(Stored items)
----------

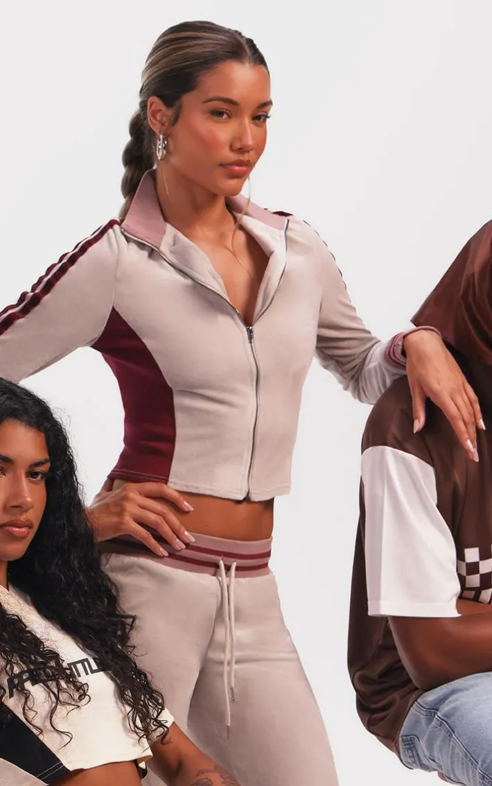 It’s official, we’re obsessed with this purple velvet fitted front zip track top. Brought to you in a purple hue velvet material with a fitted design and zip front fastening, this track top is obsession-worthy. Style with the matching sweatpants, fresh kicks and gold hoops for a combo we’re loving this season.
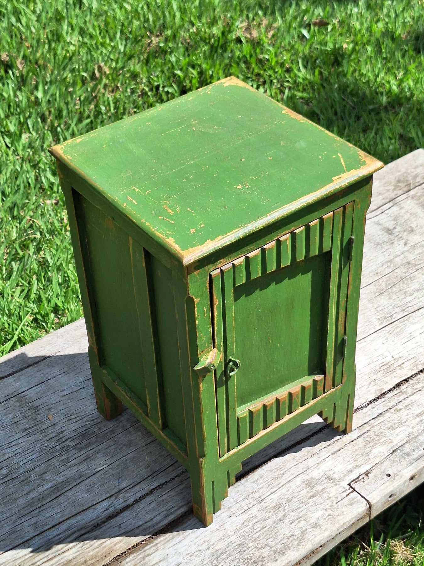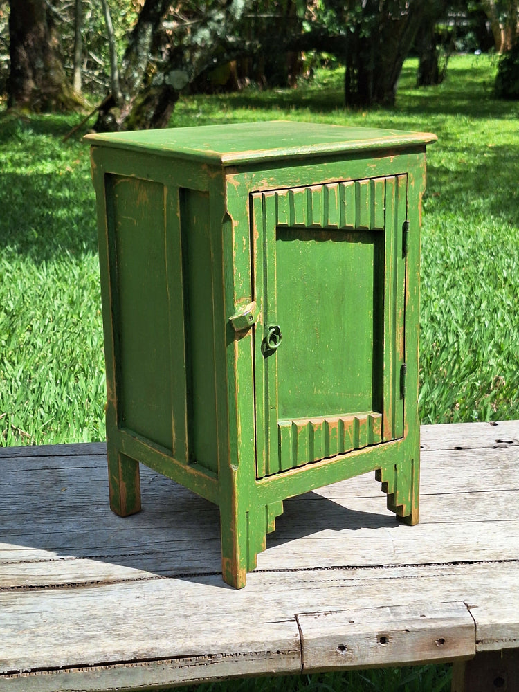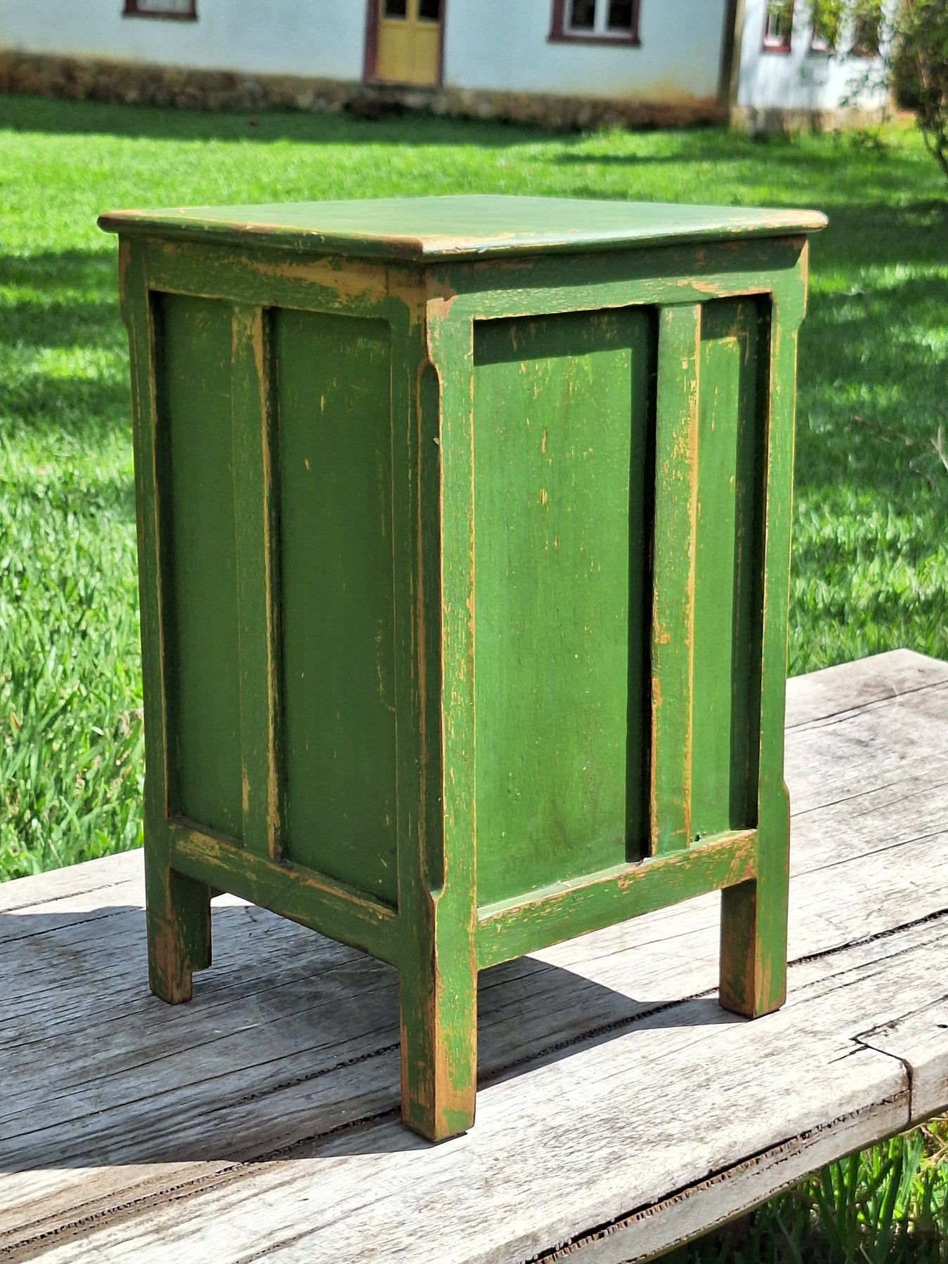 Mesinha de Cabeceira / Armarinho Tinta Gasta Verde Madeira Maciça Garimpo Mineiro
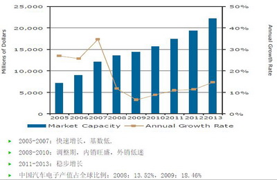 去年汽車電子一枝獨秀,增長了13.2%。汽車電子目前看來經(jīng)歷了三個時期:2005年—2007年處于快速成長期,年增長率超過30%,2008年—2010年處于調(diào)整期,2010年—2013年將會是穩(wěn)步增長期。中國汽車電子產(chǎn)值占全球比例上升速度比較快,2008占13.52%,而2009已經(jīng)占到18.46%。
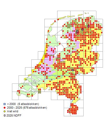 Bron: FLORON - Gemodelleerd op basis van waarnemingen uit de NDFF voor de periode 2000-2021.
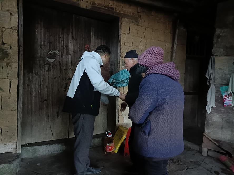 新春将至,437必赢会员中心乡村振兴驻村工作队联合驻点村新宁县马头桥镇坪山村村支两委深入周家片区、梽木山片区、三星寺片区、水塘片区、坪山片区5个片区开展“春风行动”春节慰问活动,为村里困难群众、空巢老人、突发严重困难户、困难党员等26户送去米油等慰问品及2022年新春的祝福。
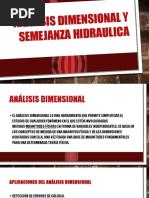 gran ola de periodo irregular que puede viajar a grandes distancias en direccin de la corriente y daara las orillas y escolleras del lecho del ro o del canal aguas abajo. Siempre que sea posible, es ventajoso evitar este rango de nmeros de Froude en tanques amortiguadores. De F1 = 20 a 80, rango de saltos hidrulicos adecuados; el salto se presenta bastante balanceado y el efecto es optimo. La disipacin de la energa (irreversibilidades) se encuentra entre el 45 y el 70%. Se puede reducir la longitud del tanque mediante el uso de deflectores y umbrales. De F1 = 80 en adelante, saltos efectivos pero bruscos; la disipacin de la energa es hasta del 85%. Pueden resultar ms econmicos otros tipos de tanques amortiguadores. Nmero de Reynolds: Este nmero es utilizado en mecnica de fluidos, diseo de reactores y fenmenos de transporte para caracterizar el movimiento de un fluido. Este nmero recibe su nombre en honor de Osborne Reynolds (1842-1912), quien lo describi en 1883. El nmero de Reynolds relaciona la densidad, viscosidad, velocidad y dimensin tpica de un flujo en una expresin adimensional, que interviene en numerosos problemas de dinmica de fluidos. Dicho nmero o combinacin adimensional aparece en muchos casos relacionado con el hecho de que el flujo pueda considerarse laminar (nmero de Reynolds pequeo) o turbulento (nmero de Reynolds grande). Los siguientes modelos son aquellos que pueden ser simulados de acuerdo al criterio de similaridad de Reynolds: Flujo en tuberas Flujo en maquinara hidrulica Movimiento de solidos dentro de fluidos, por ejemplo aviones, barcos y submarinos. Fuerzas de arrastre en pilas y objetos.
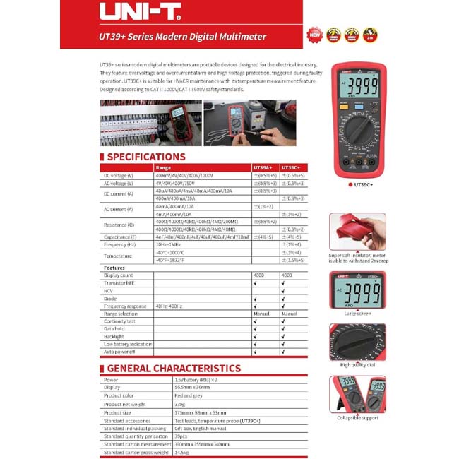 مقياس متعدد رقمي (Digital Multimeter) من شركة UNI-T، من سلسلة UT39.
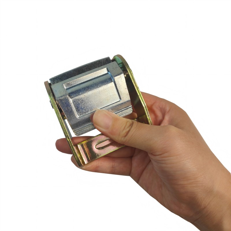A cam buckle strap is a lightweight tie-down consisting of a durable polyester webbing and a spring-loaded metal cam buckle. The strap is tightened by pulling the webbing and released by pressing the lever—no cranking action is needed. They are suitable for loads up to 1,500 lbs and are simpler to operate than ratchet straps, making them ideal for securing lighter cargo such as tools or furniture. Our 2-inch model (50mm width), featuring a 2,500 lbs breaking strength, meets ISO 9001 and CE standards and is trusted by professionals globally.

----------

• _Your goal_: The response should repeat each record precisely and contain no pictures.

• _Response box_:
 It’s official, we’re obsessed with this purple velvet fitted front zip track top. Brought to you in a purple hue velvet material with a fitted design and zip front fastening, this track top is obsession-worthy. Style with the matching sweatpants, fresh kicks and gold hoops for a combo we’re loving this season.
 Mesinha de Cabeceira / Armarinho Tinta Gasta Verde Madeira Maciça Garimpo Mineiro
 去年汽車電子一枝獨秀,增長了13.2%。汽車電子目前看來經(jīng)歷了三個時期:2005年—2007年處于快速成長期,年增長率超過30%,2008年—2010年處于調(diào)整期,2010年—2013年將會是穩(wěn)步增長期。中國汽車電子產(chǎn)值占全球比例上升速度比較快,2008占13.52%,而2009已經(jīng)占到18.46%。
 Bron: FLORON - Gemodelleerd op basis van waarnemingen uit de NDFF voor de periode 2000-2021.
 新春将至,437必赢会员中心乡村振兴驻村工作队联合驻点村新宁县马头桥镇坪山村村支两委深入周家片区、梽木山片区、三星寺片区、水塘片区、坪山片区5个片区开展“春风行动”春节慰问活动,为村里困难群众、空巢老人、突发严重困难户、困难党员等26户送去米油等慰问品及2022年新春的祝福。
 gran ola de periodo irregular que puede viajar a grandes distancias en direccin de la corriente y daara las orillas y escolleras del lecho del ro o del canal aguas abajo. Siempre que sea posible, es ventajoso evitar este rango de nmeros de Froude en tanques amortiguadores. De F1 = 20 a 80, rango de saltos hidrulicos adecuados; el salto se presenta bastante balanceado y el efecto es optimo. La disipacin de la energa (irreversibilidades) se encuentra entre el 45 y el 70%. Se puede reducir la longitud del tanque mediante el uso de deflectores y umbrales. De F1 = 80 en adelante, saltos efectivos pero bruscos; la disipacin de la energa es hasta del 85%. Pueden resultar ms econmicos otros tipos de tanques amortiguadores. Nmero de Reynolds: Este nmero es utilizado en mecnica de fluidos, diseo de reactores y fenmenos de transporte para caracterizar el movimiento de un fluido. Este nmero recibe su nombre en honor de Osborne Reynolds (1842-1912), quien lo describi en 1883. El nmero de Reynolds relaciona la densidad, viscosidad, velocidad y dimensin tpica de un flujo en una expresin adimensional, que interviene en numerosos problemas de dinmica de fluidos. Dicho nmero o combinacin adimensional aparece en muchos casos relacionado con el hecho de que el flujo pueda considerarse laminar (nmero de Reynolds pequeo) o turbulento (nmero de Reynolds grande). Los siguientes modelos son aquellos que pueden ser simulados de acuerdo al criterio de similaridad de Reynolds: Flujo en tuberas Flujo en maquinara hidrulica Movimiento de solidos dentro de fluidos, por ejemplo aviones, barcos y submarinos. Fuerzas de arrastre en pilas y objetos.
 مقياس متعدد رقمي (Digital Multimeter) من شركة UNI-T، من سلسلة UT39.
A cam buckle strap is a lightweight tie-down consisting of a durable polyester webbing and a spring-loaded metal cam buckle. The strap is tightened by pulling the webbing and released by pressing the lever—no cranking action is needed. They are suitable for loads up to 1,500 lbs and are simpler to operate than ratchet straps, making them ideal for securing lighter cargo such as tools or furniture. Our 2-inch model (50mm width), featuring a 2,500 lbs breaking strength, meets ISO 9001 and CE standards and is trusted by professionals globally.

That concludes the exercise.